In this post, I link to and excerpt from Long COVID in Children and Adolescents: A Systematic Review and Meta-analyses [Full-Text HTML] [Full-Text PDF]. Posted March 13, 2022.
This article is a preprint and has not been peer-reviewed [what does this mean?]. It reports new medical research that has yet to be evaluated and so should not be used to guide clinical practice.
All that follows is from the above article.
Objective To estimate the prevalence of long COVID in children and adolescents and identify the full spectrum of signs and symptoms present after acute SARS-CoV-2 infection.
Methods Two independent investigators searched PubMed and Embase in order to identify observational studies that met the following criteria: 1) a minimum of 30 patients, 2) ages ranged from 0 to 18 years, 3) published in English, 4) published before February 10th, 2022, and 5) meets the National Institute for Healthcare Excellence (NICE) definition of long COVID, which consists of both ongoing (4 to 12 weeks) and post-COVID-19 (≥12 weeks) symptoms. For COVID symptoms reported in two or more studies, random-effects meta-analyses were performed using the MetaXL software to estimate the pooled prevalence, and Review Manager (RevMan) software 5.4 was utilized to estimate the Odds Ratios (ORs) with a 95% confidence interval (CI). Heterogeneity was assessed using I2 statistics. The Preferred Reporting Items for Systematic Reviewers and Meta-analysis (PRISMA) reporting guideline was followed (registration PROSPERO CRD42021275408).
Results The literature search yielded 68 articles for long COVID in children and adolescents. After screening, 21 studies met the inclusion criteria and were included in the systematic review and meta-analyses. A total of 80,071 children and adolescents with COVID-19 were included. The prevalence of long COVID was 25.24% (95% CI 18.17-33.02), and the most prevalent clinical manifestations were mood symptoms (16.50%; 95% CI 7.37-28.15), fatigue (9.66%; 95% CI 4.45-16.46), and sleep disorders (8.42%; 95% CI 3.41-15.20). When compared to controls, children infected by SARS-CoV-2 had a higher risk of persistent dyspnea (OR 2.69 95%CI 2.30-3.14), anosmia/ageusia (OR 10.68, 95%CI 2.48, 46.03), and/or fever (OR 2.23, 95%CI 1.22-4.07). The main limitation of these meta-analyses is the probability of bias, which includes lack of standardized definitions, recall, selection, misclassification, nonresponse and/or loss of follow-up, and the high level of heterogeneity.
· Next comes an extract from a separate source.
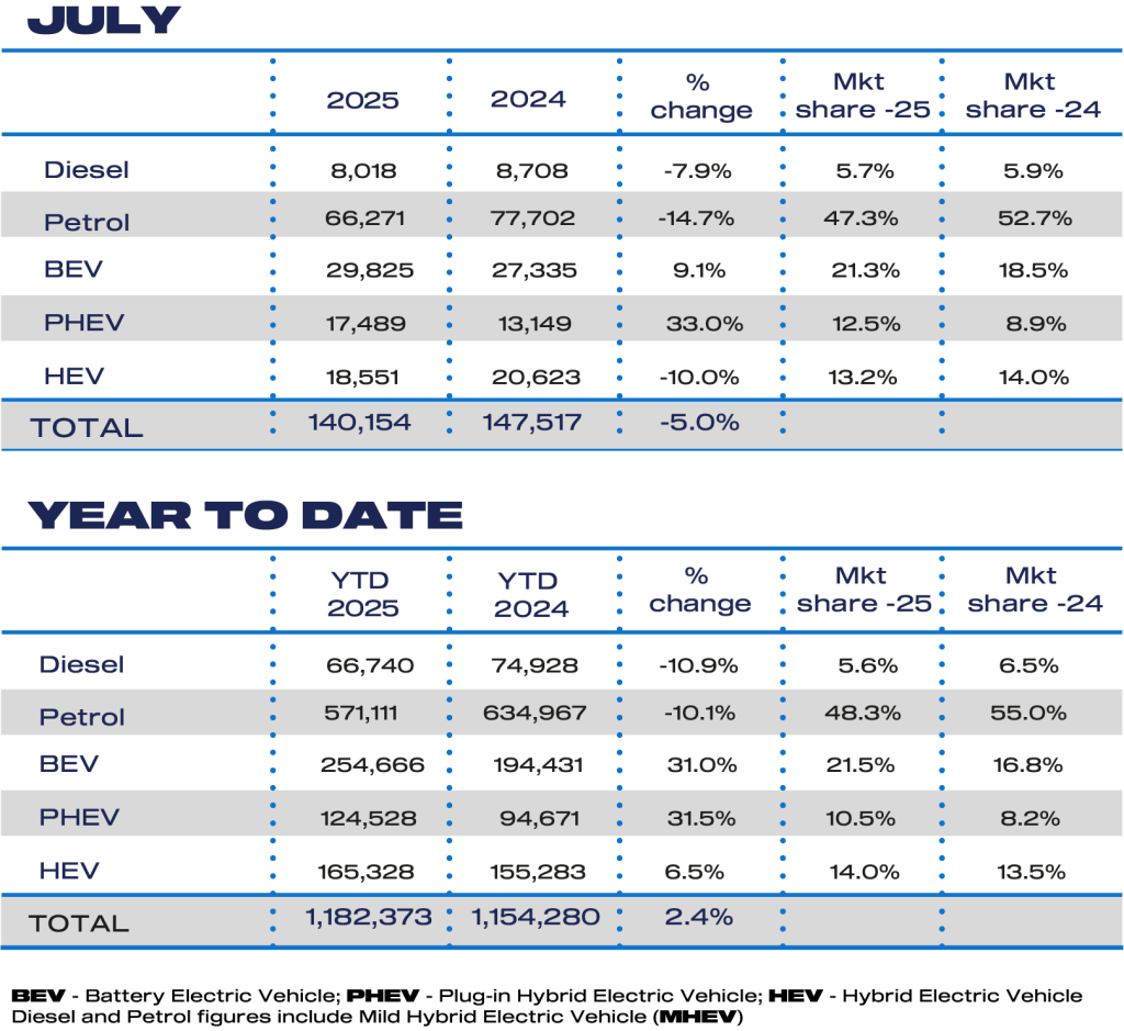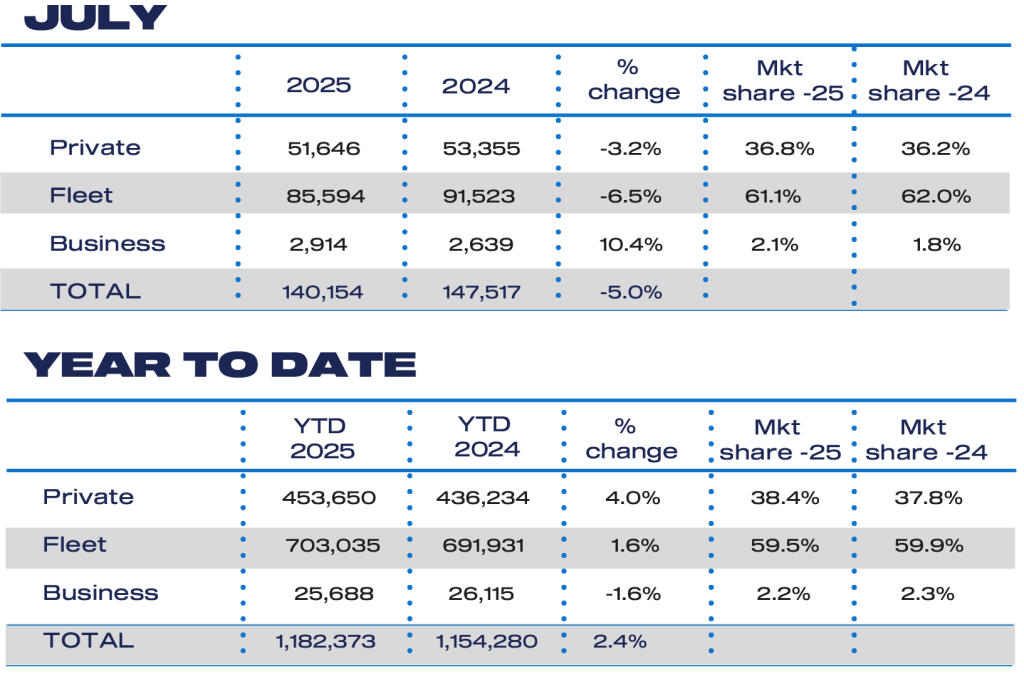 Auto Finance Sponsored by Auto Finance News New car registrations stall in July but recovery expected Published: 5th August 2025 Share New car registrations in the UK dropped -5.0% in July to 140,154 units, marking the weakest July performance since 2022 and underscoring the continued volatility of the automotive market amid wider economic uncertainty. According to new data from the Society of Motor Manufacturers and Traders (SMMT), the sector remains -10.8% down compared to pre-pandemic levels in 2019. Registrations from both private and fleet buyers fell -3.2% and -6.5% respectively, with 51,646 private vehicles and 85,594 fleet vehicles registered. Business registrations were a rare bright spot, rising 10.4% to 2,914 units. Only a few vehicle segments defied the downturn. Dual Purpose (+13.9%), Mini (+14.7%), and Luxury Saloons (+114.6%) recorded growth, while most other segments saw declines. Electrified vehicles outperformed the broader market, with plug-in hybrid electric vehicles (PHEVs) surging 33.0% and battery electric vehicles (BEVs) climbing 9.1% year-on-year. However, BEV growth in July was subdued compared to the 34.6% increase seen in the first half of 2025, making it the second-weakest month for BEVs this year following April’s tax shake-up. A key factor holding back BEV momentum according to the SMMT appears to be uncertainty over the Government’s newly introduced Electric Car Grant (ECG). The scheme, which promises up to £3,750 off qualifying vehicles, has yet to confirm eligible models – prompting some prospective buyers to delay purchases. BEVs secured a 21.3% market share in July, up from 18.5% in the same month last year, but still below the 28% target set by the Zero Emission Vehicle (ZEV) Mandate. Industry leaders continue to warn that insufficient consumer incentives and costly fiscal measures, such as the Expensive Car Supplement (ECS) on Vehicle Excise Duty – estimated to cost BEV buyers over £360 million this year – are dampening demand. They argue that increased support for private BEV buyers is essential to accelerate uptake, meet climate goals, and boost the UK’s automotive sector. Sales of hybrid electric vehicles (HEVs) fell -10.0% to 18,551 units, while combined petrol and diesel registrations plummeted -14.0% to 74,289 units, though they still made up 53.0% of July’s market. Despite the dip in July, the year-to-date market remains resilient, up 2.4% with 1.18 million vehicles registered so far in 2025 — including over 250,000 BEVs. Looking ahead, the SMMT has revised its annual forecast slightly upward to 1.9 million units, with BEVs expected to represent 23.8% of total sales — reflecting cautious optimism about a recovery. Mike Hawes, Chief Executive of the SMMT, said: “July’s dip shows yet again the new car market’s sensitivity to external factors, and the pressing need for consumer certainty. “Confirming which models qualify for the new EV grant, alongside compelling manufacturer discounts on a huge choice of exciting new vehicles, should send a strong signal to buyers that now is the time to switch. That would mean increased demand for the rest of this year and into next, which is good news for the industry, car buyers and our environmental ambitions.” John Cassidy, Director of Sales at Close Brothers Motor Finance, echoed the cautious optimism: “Despite a slight dip in new registrations, there’s cause for optimism. “EVs are increasingly grabbing a larger share as private demand finally begins to rise. The return of grants for new EVs should tempt even more consumers to make the switch.” However, Cassidy warned that incentives alone are not enough: “The Government must match this incentive with strong investment in the UK’s charging infrastructure to make sure it can handle widespread adoption, which remains a key barrier holding many consumers back.” Lisa Laverick Editor - Finance Connect Sign up to our newsletter Featured Stories NewsElectric vehicles take record share of Fleet Alliance orders NewsRetail fleets work harder than any other sector, Lightfoot finds NewsiVendi white paper examines future of motor finance Auto Finance

Conclusion These meta-analyses provide an overview of the broad symptomatology of long COVID in minors, which may help improve management, rehabilitation programs, and future development of guidelines and therapeutic research for COVID-19.
The prevalence of long COVID in children and adolescents, following a COVID-19 infection was 25.24%. The five most prevalent clinical manifestations were mood symptoms (16.50%), fatigue (9.66%), sleep disorders (8.42%), headache (7.84%), and respiratory symptoms (7.62%). It was only possible to perform meta-analyses of ORs comparing cases and controls for 13 symptoms. When compared to controls, persons with COVID-19 had a higher risk of presenting persistent dyspnea, anosmia/ageusia, and/or fever.
Interestingly, many of the symptoms identified in these meta-analyses, such as mood, fatigue, sleep disorders, orthostatic intolerance, decreased concentration, confusion, memory loss, balance problems, exercise intolerance, hyperhidrosis, blurred vision, body temperature dysregulation, dysfunction on heart, rate variability and palpitations, constipation or diarrhea, and dysphagia, are commonly present in dysautonomia 29.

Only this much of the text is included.